Arena AI Model ELO History Tracks LLM Performance Decay Over Time

Erwin Mayer's Arena AI Model ELO History (live tracker) plots historical ELO ratings from the LMSYS Arena leaderboard to expose performance trends of flagship AI models. The core insight: models that feel great at launch often degrade weeks later due to silent updates, quantization, or safety wrapper changes.
Key Features
- One curve per lab: Instead of a spaghetti chart of every variant, each major AI lab gets a single continuous line representing their highest-rated flagship model at any point in time.
- Flagship tracking logic: The curve sticks to the top-tier model (e.g., Opus stays active until a new higher-scoring model appears).

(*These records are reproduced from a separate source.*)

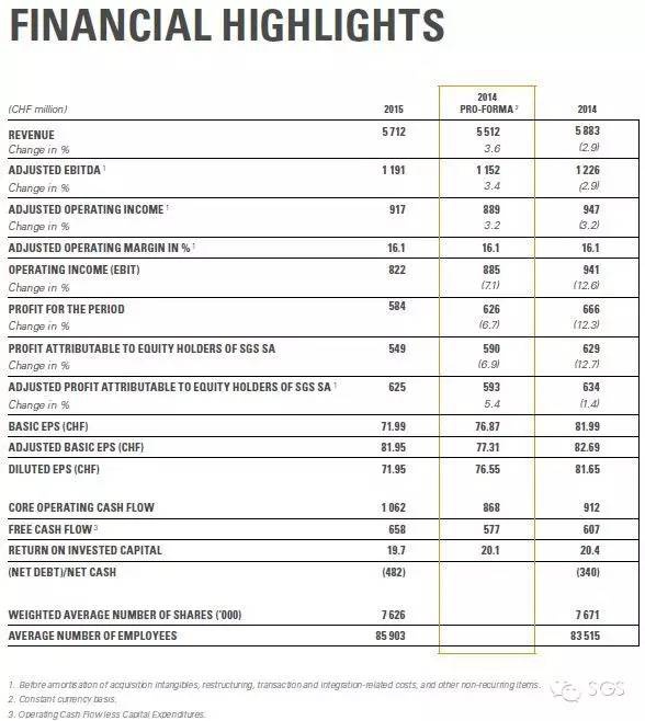近日,SGS集團(tuán)發(fā)布《2015全年報》,數(shù)據(jù)顯示:2015年度,SGS集團(tuán)實現(xiàn)總營收57.12億瑞士法郎,按固定匯率計算,同比增長3.6%,有機營收增長率2.0%。調(diào)整后息稅前利潤達(dá)11.91億瑞士法郎,同比增長3.4%。調(diào)整后營業(yè)利潤率為16.1%,與2014年保持一致。全年營運現(xiàn)金流提升明顯,歷史上第一次,SGS核心營運現(xiàn)金流超過10億瑞士法郎。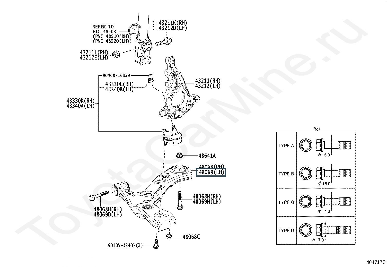 Название по каталогу: ARM SUB-ASSY, FRONT SUSPENSION, LOWER NO.1 LH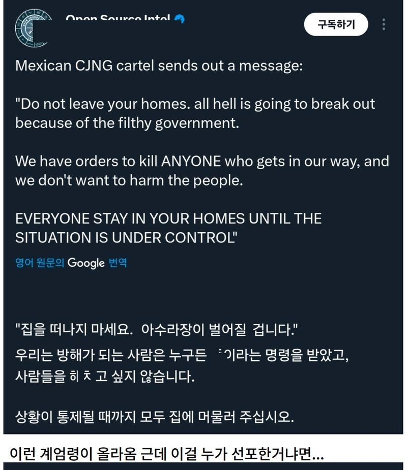리와인드뉴스멕시코 계엄령 터짐 ㄷㄷㄷ위키뉴스 기자입력북마크공유가글자크기프린트댓글 멕시코 계엄령 터짐 ㄷㄷㄷ 이유는 마ㅇ카르텔 보스가 살해당해서 카르텔이 계엄령선포함ㄷㄷㄷ위키뉴스 기자[email protected]카카오톡페이스북트위터밴드URL복사
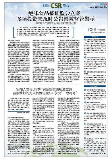 新快报记者留意到,绝味食品在信披违规上已经多次被监管警示,且这些违规多与其投资活动有关。2021年6月,通过股权转让,绝味食品全资子公司深圳网聚持有的和府捞面股权由23.08%变为16.92%,绝味食品从此交易中获得收益2800万美元。不过此项交易因未按规定时限进行披露,湖南证监局对绝味食品出示警示函。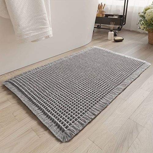 와플 욕실매트-초흡수 미끄럼방지, 세탁기 가능&프린지,고무 백킹,초고급 소프트, 그레이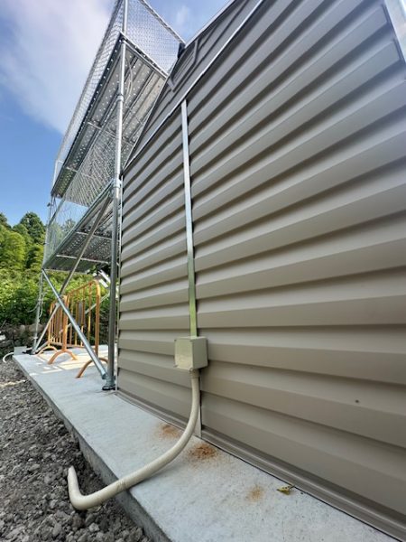 倉庫とやぐらの裏に穴を掘ってホースを埋めています。
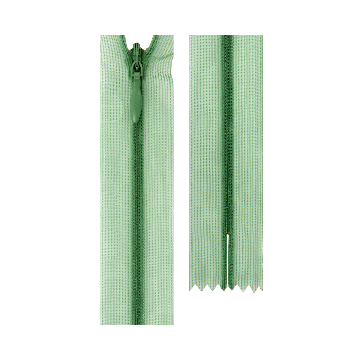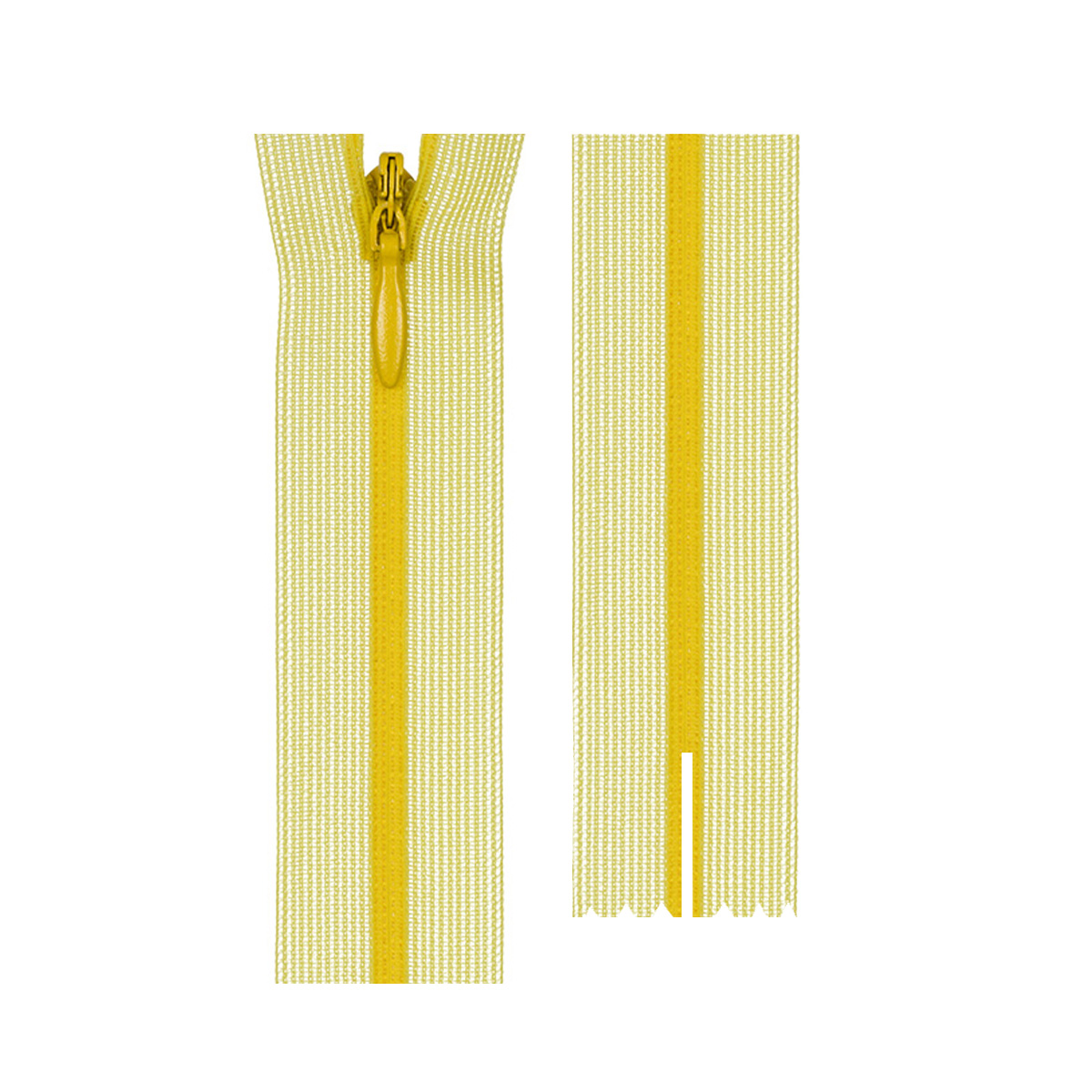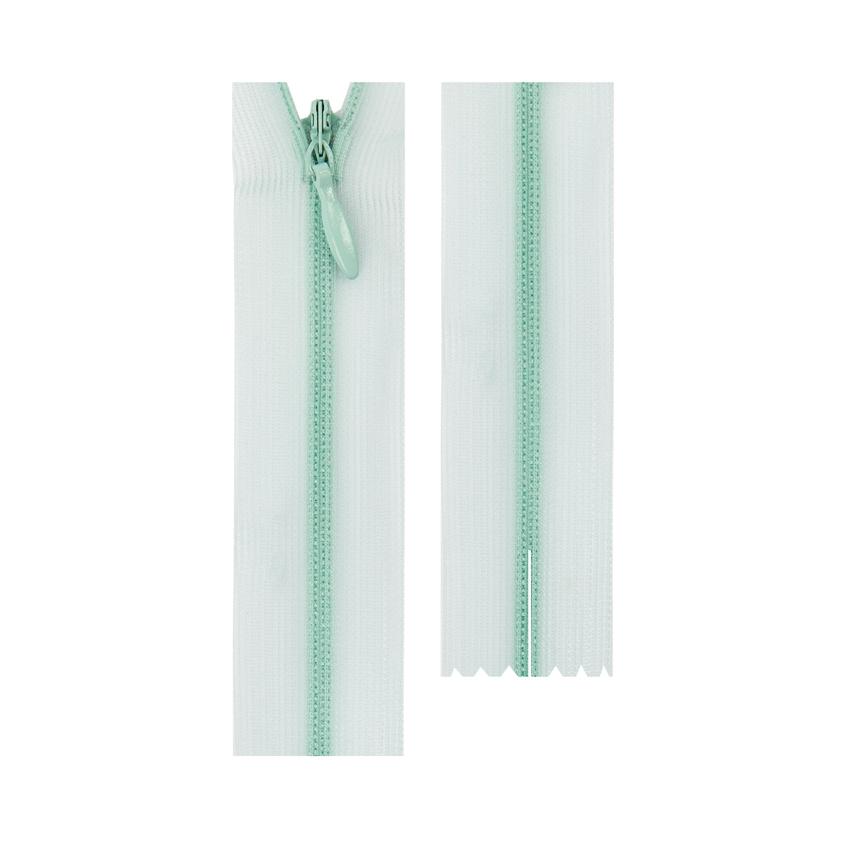 Неразъемная молния. Потайная молния спираль на сетчатой тесьме применяется в пошиве изделий так же, как обычная потайная молния.¶Главное её достоинство – более тонкая и незаметная тесьма, сотканная из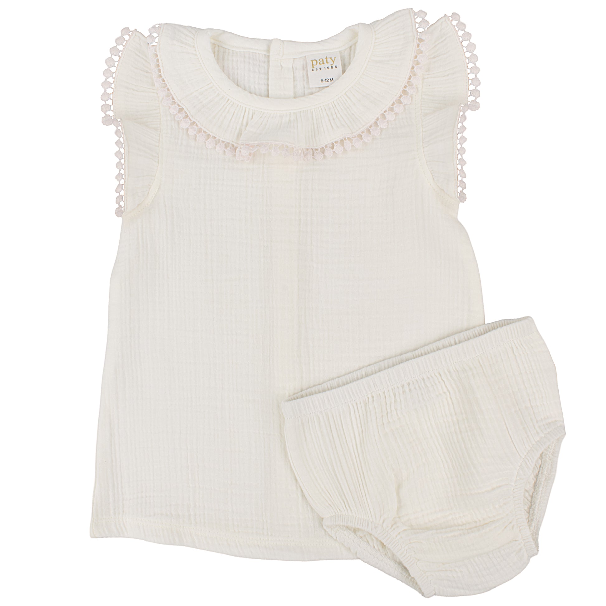 A charming two piece set designed for warm days and special moments. Crafted from soft organic cotton muslin gauze, this baby girl dress features a delicate ruffle collar finished with playful pom trim for a sweet, elevated look. The matching bloomers complete the outfit, offering both comfort and coverage. Lightweight, breathable, and gentle on baby’s skin, this set is perfect for everyday wear, outings, or special occasions. Easy to wear and beautifully detailed, it’s a lovely choice for baby showers, gifting, or a take home layette essential. Product Style #GSS2605.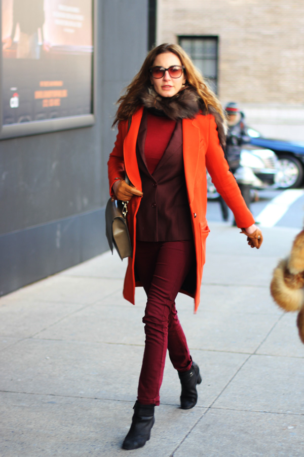 Have you ever seen a more perfect fall look built on color-blocking? Ece Sukan, an editor at Vogue Turkey, had a preternatural preference for the “IT” shade of Fall 2012. Her rich raspberry pants, pumpkin orange overcoat, deep burgundy blazer, and saturated oxblood top combine to create a magical symphony of autumnal color. These colors look simply sublime next to one another, and yet the risk of clashing is so great. When Don Draper tells Peggy Olson in Mad Men that good ideas and bad ideas for an advertising campaign are extremely close the same concept applies to fashion. The term “fashion risk” refers to bringing one’s look right up to that demarcation; the edge is where style is born. This woman (who has been identified by a lovely reader as Ece Sukan) knew exactly how to mix these jewel tones in daring yet wholly sophisticated manner. The neutral accessories – black ankle boots, sumptuous leather gloves, a fur collar and taupe purse – help ground this look, as does the tailoring and solid emphasis on colorblocking. A print would have surely been far too much energy on top of these competing hues.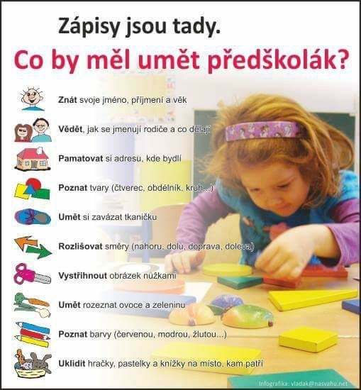 Dítě má pozitivní postoj ke škole a učení, těší se do školy, rád si hraje na školu, má zájem o nové věci, klade hodně otázek. |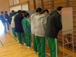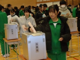 来年度の生徒会長、副会長を選出する生徒会役員選挙を今日の午後実施しました。当初は11月28日に実施予定でしたが、感染症罹患の生徒が多く、一週間延期しての実施でした。罹患した生徒もほとんどが登校でき、選挙に参加できました。
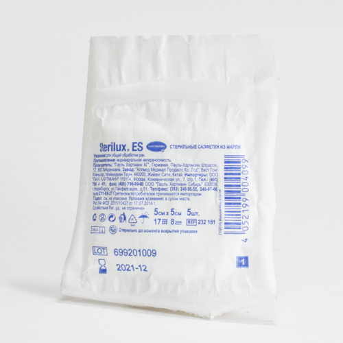 Салфетки из высококачественной хлопчатобумажной марли, 17 нитей на квадратный сантиметр; 8 слоев с подвернутой кромкой; развернув несколько раз, можно использовать в большом формате, при этом края салфетки не осыпаются. Салфетки Sterilux ES отличаются высокой впитывающей способностью и хорошей прочностью, их края не осыпаются. Хлопчатобумажная ткань позволяет без опасений использовать салфетки людям с чувствительной кожей, так как Sterilux ES не вызывает аллергий и не провоцирует раздражений.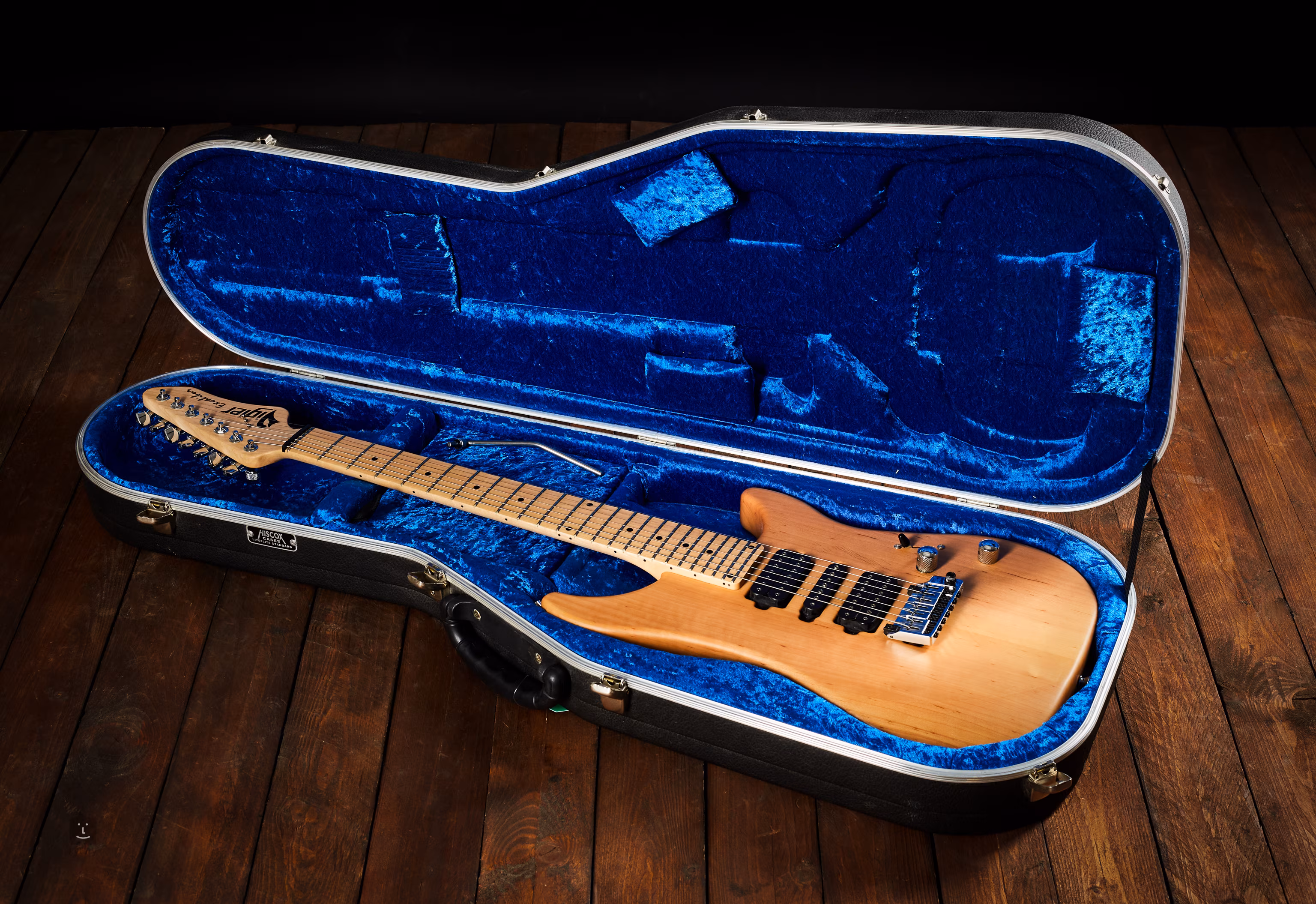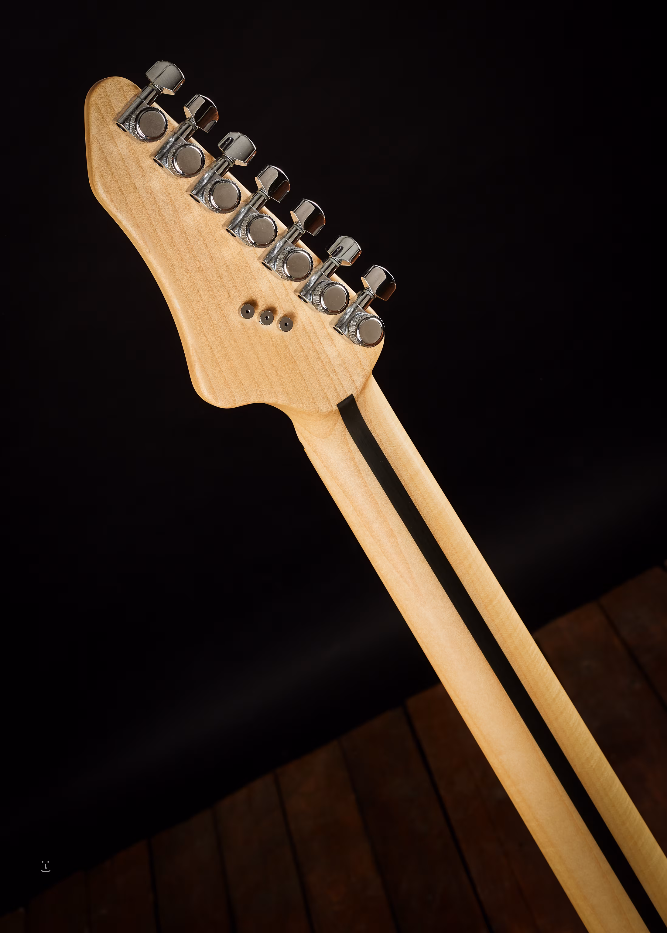 Le manche en érable est, comme il est d'usage chez cette marque, renforcé par une large entretoise en composite. Le corps en aulne en deux parties est verni avec une fine laque dans une finition naturelle.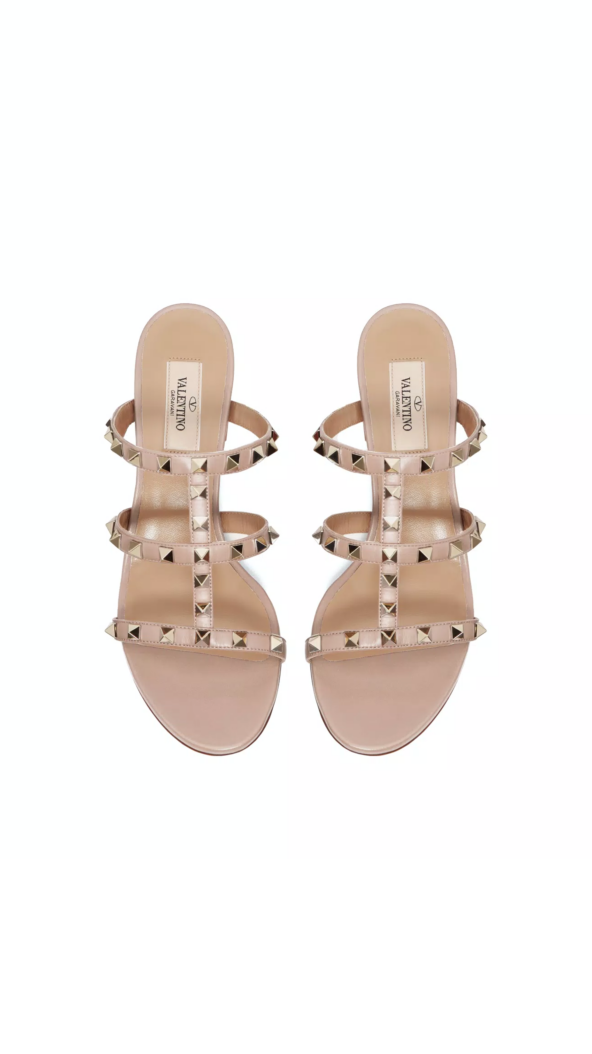 Rockstud Calfskin Leather Slide Sandal 60MM - Poudre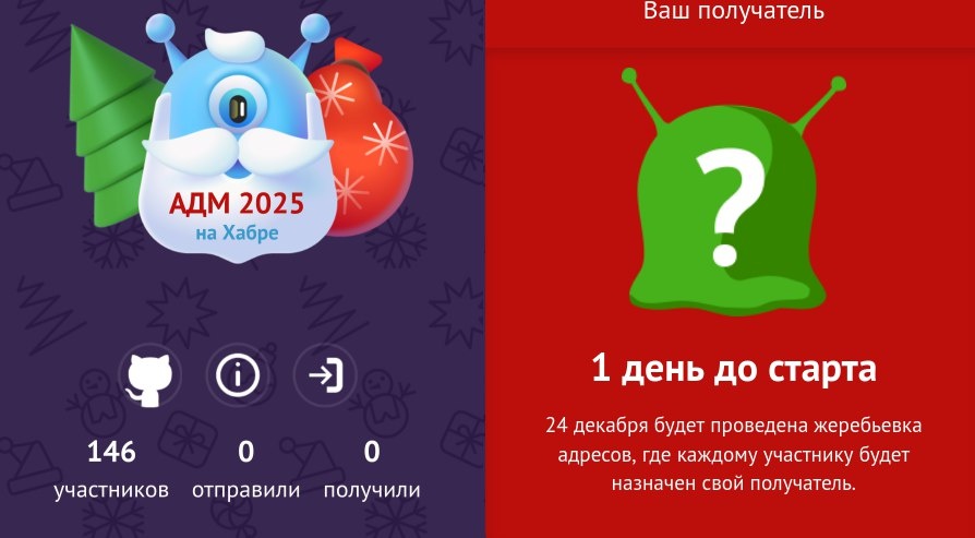 ⚡ Хабр напоминает: до старта жеребьёвки в новогоднем мероприятии Анонимный Дед Мороз 2025 остался 1 день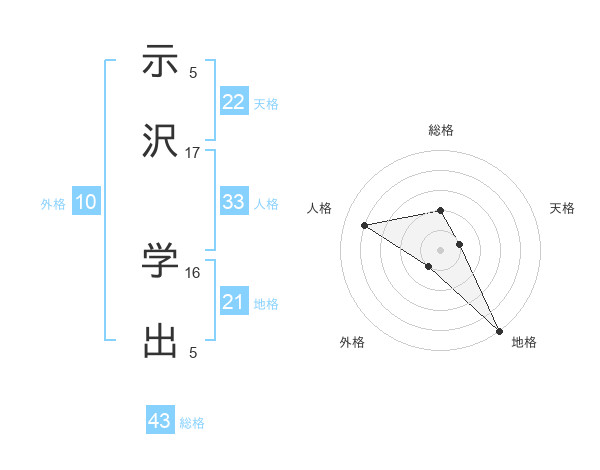 示沢 学出さんを姓名の画数から五運を鑑定

Mid-tier releases like Sonnet don't cause a jump while Opus leads.
- Inference modes merged: Suffixes like
-thinking,-reasoning,-highare collapsed under the base model to avoid flip-flopping. - New release markers: Releases are shown as labeled points, typically accompanied by score jumps.
- Degradation visible: Downward trends within a model's lifecycle between releases are clearly plotted.
- Mobile-friendly + dark mode included.
Data Source
Data is automatically fetched daily from the official LMSYS Arena Dataset on Hugging Face. The Arena uses thousands of blind crowdsourced human evaluations via API endpoints — not consumer web UIs.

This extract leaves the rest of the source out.